Here is the list of properties that should be changed (in META-INF/microprofile-config.properties file):
- Send mode: 'direct' (default) or 'storage':
- send.mode
- Optional parameters for parameters and datasets
- csm.dataset.absolute.path
- csm.parameters.absolute.path
- csm.send.datawarehouse.parameters
- csm.send.datawarehouse.datasets
- Mandatory for direct mode:
- azure.tenant.id
- azure.client.id
- azure.client.secret
- csm.simulation.id
- azure.data.explorer.resource.uri
- azure.data.explorer.resource.ingest.uri
- azure.data.explorer.database.name
- Additional mandatory for storage mode:
- azure.storage.account.name
- azure.storage.account.key
- azure.storage.shared.access.signature.duration
- azure.storage.shared.access.signature.permissions
- azure.storage.shared.access.signature.services
- azure.storage.shared.access.signature.resource.types
If you want to overwrite these properties, you can write your own property values in the META-INF/microprofile-config.properties file, or set a property's system, or an environment variable named :
- SEND_MODE: the send mode, direct (default) or storage
- CSM_DATASET_ABSOLUTE_PATH: The dataset absolute path
- CSM_PARAMETERS_ABSOLUTE_PATH: The parameters absolute path
- CSM_SEND_DATAWAREHOUSE_PARAMETERS: whether or not to send parameters (parameters path is mandatory then)

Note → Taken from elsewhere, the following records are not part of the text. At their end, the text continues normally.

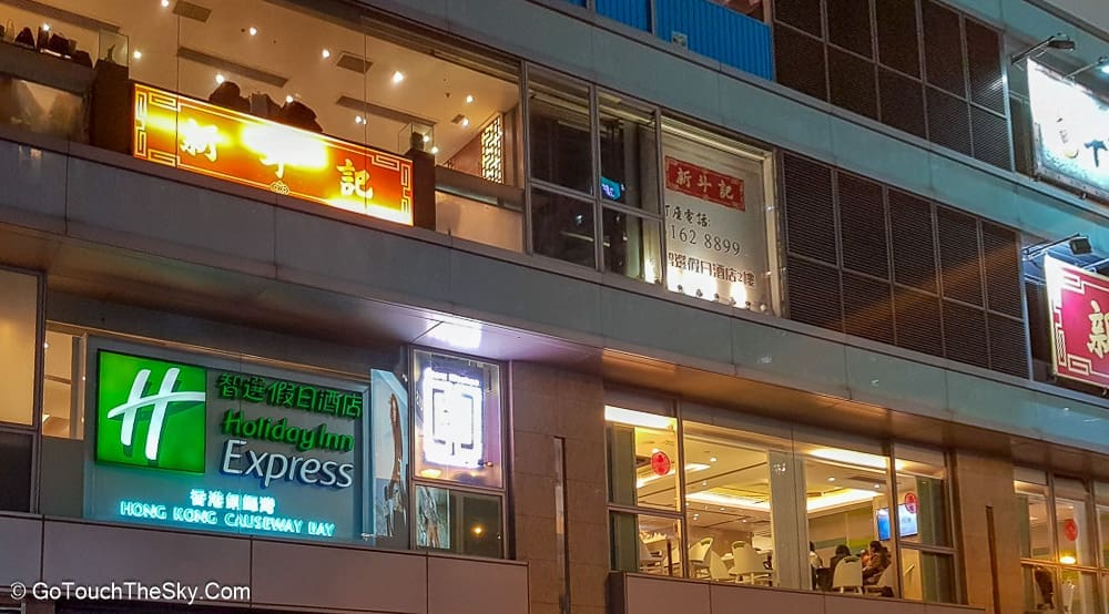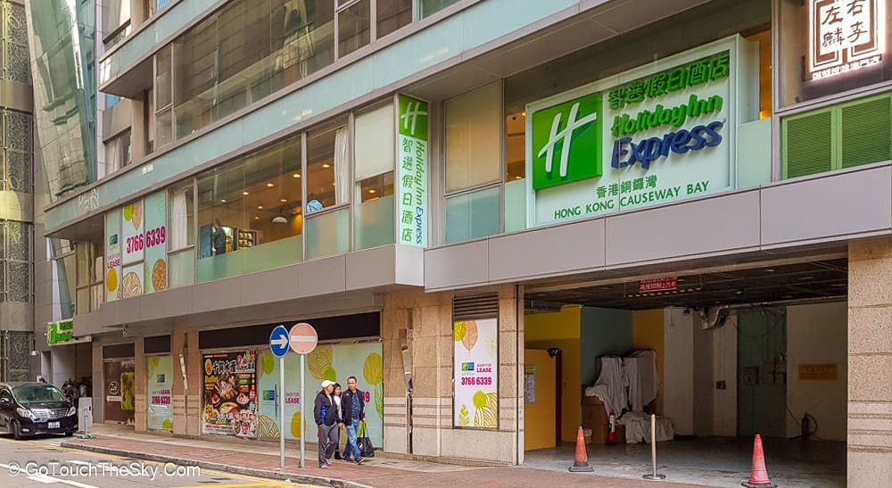 เราเลือก โรงแรมฮอลิเดย์อินน์เอ๊กซ์เพรสคอสเวย์เบย์ (Holiday Inn Express Causeway Bay) เป็นที่พักในทริปล่าสุด หลังจากเคยพักที่ย่านจิมซาจุ่ยและถนนนาธานไปหลายครั้งแล้ว ข้อดีของการพักในย่านนี้คืออยู่ใกล้กับแหล่งช็อบปิ้ง ร้านอาหาร สถานที่ท่องเที่ยวเช่น วิคตอเรียพีค ศูนย์การประชุมและนิทรรศการ (Hong Kong Convention and Exhibition Center), รูปปั้นดอกชงโคทองคำ (Golden Bauhinia Square), ท่ารถเมล์ที่ Exchange Square (ต้นทางในการเดินทางไปอ่าวรีพัลส์เบย์), Hong Kong MRT Station (ต้นทางของรถไฟฟ้า Airport Express), ตึกสูงที่เป็นแลนด์มาร์คสำคัญของฮ่องกง เช่น IFC Tower, Bank of China Tower, HSBC Tower ฯลฯ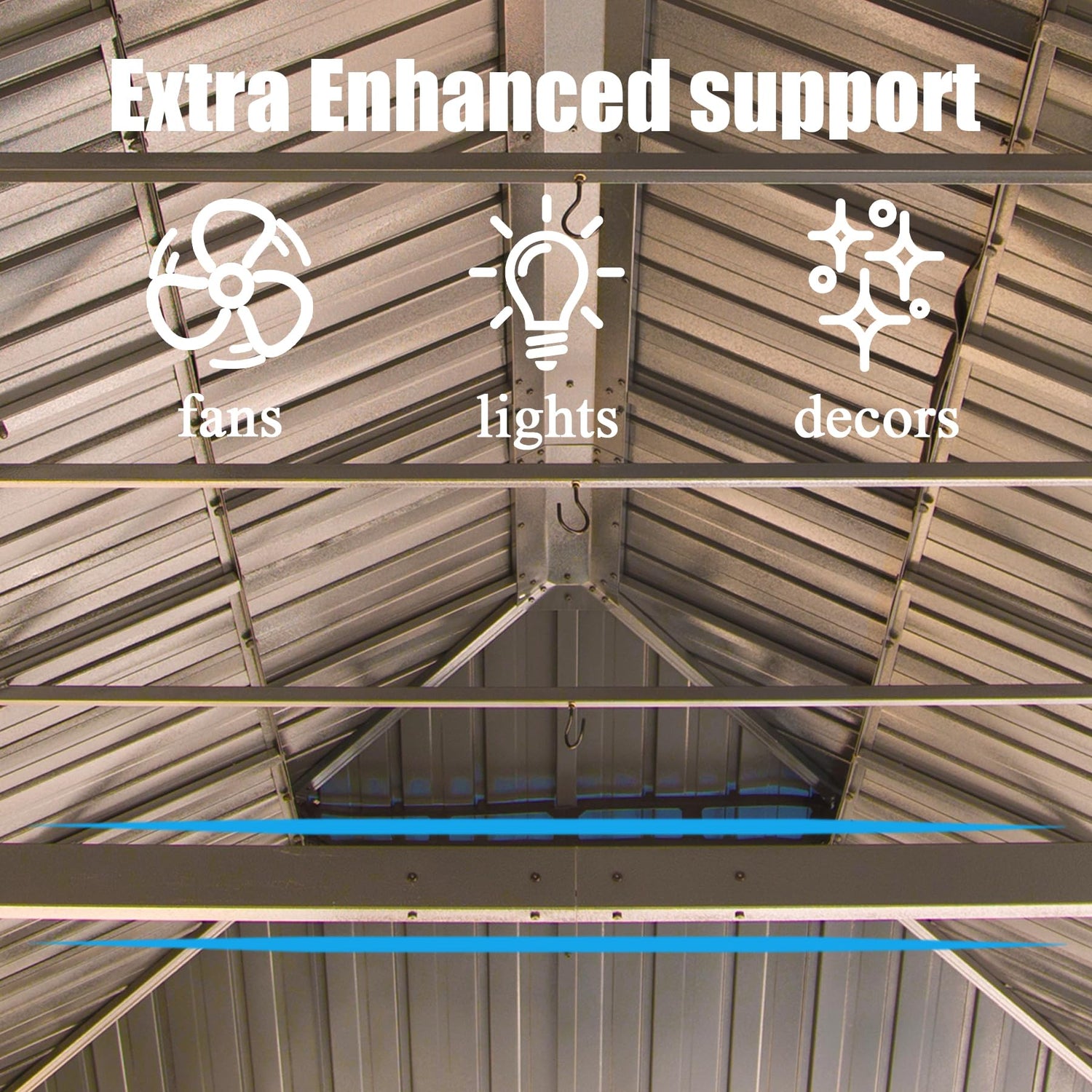 • Galvanized Steel Double Roof: Domi gazebo 14x24 is all weather resistant and strong enough to withstand 2500 LBS of snow.Double-layer with built-in netting can prevent fallen leaves and keep air circulating.Hooks on the inner top can hang lights or fans.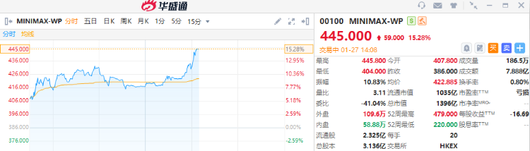MINIMAX-WP短线急升!截至发稿,涨15.28%,报445港元,成交额7.888亿港元。

- CSM_SEND_DATAWAREHOUSE_DATASETS: whether or not to send datasets (datasets path is mandatory then)
- AZURE_DATA_EXPLORER_RESOURCE_INGEST_URI : the ADX cluster ingest path (URI info can be found into ADX cluster page)
- AZURE_DATA_EXPLORER_RESOURCE_URI : the ADX cluster path (URI info can be found into ADX cluster page)

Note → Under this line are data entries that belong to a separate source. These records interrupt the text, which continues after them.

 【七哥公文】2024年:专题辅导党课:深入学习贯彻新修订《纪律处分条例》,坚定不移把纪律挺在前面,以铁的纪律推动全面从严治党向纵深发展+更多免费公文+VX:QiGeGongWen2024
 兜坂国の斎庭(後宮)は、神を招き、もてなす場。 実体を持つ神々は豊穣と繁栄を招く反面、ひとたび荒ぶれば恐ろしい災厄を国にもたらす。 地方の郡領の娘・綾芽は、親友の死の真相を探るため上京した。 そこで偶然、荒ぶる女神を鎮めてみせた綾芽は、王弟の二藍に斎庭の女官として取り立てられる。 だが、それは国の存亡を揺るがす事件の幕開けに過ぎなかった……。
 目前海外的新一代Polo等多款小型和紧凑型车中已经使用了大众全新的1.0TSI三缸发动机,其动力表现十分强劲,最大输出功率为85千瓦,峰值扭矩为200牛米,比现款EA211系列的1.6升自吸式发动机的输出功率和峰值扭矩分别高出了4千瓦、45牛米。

- AZURE_TENANT_ID : the Azure Tenant id (can be found under the App registration screen)
- AZURE_CLIENT_ID : the Azure client id (can be found under the App registration screen)
- AZURE_CLIENT_SECRET: the Azure client secret (can be found under the App registration screen)
- CSM_SIMULATION_ID: the Simulation Id to add to records (direct mode only)
- AZURE_DATA_EXPLORER_DATABASE_NAME : the targeted database name
- AZURE_STORAGE_ACCOUNT_NAME : the Azure storage account name (can be found under the Storage account screen)
- AZURE_STORAGE_ACCOUNT_KEY : the Azure storage account key (can be found under the specific Storage account screen, under Access keys section)
- AZURE_STORAGE_SHARED_ACCESS_SIGNATURE_DURATION : the SAS Token valid duration (obviously, should be positive and be as small as possible )
- AZURE_STORAGE_SHARED_ACCESS_SIGNATURE_PERMISSIONS : the SAS Token permissions (should be the most restrictive possible)
- AZURE_STORAGE_SHARED_ACCESS_SIGNATURE_SERVICES : the SAS Token services (should be the most restrictive possible)
- AZURE_STORAGE_SHARED_ACCESS_SIGNATURE_RESOURCE_TYPES :the SAS Token resource types (should be the most restrictive possible)
<dependency>
<groupId>com.github.Cosmo-Tech</groupId>
<artifactId>azure-data-explorer-connector</artifactId>
<version>1.0.3</version>
</dependency>
- Add more logs (maybe with some metrics)
- Add unit tests
- Tables bulk creation
- Use IngestionMapping and try to manage "update schema" for existing tables
- Data bulk ingestion
- Manage creation response correctly
- Manage ingestion response correctly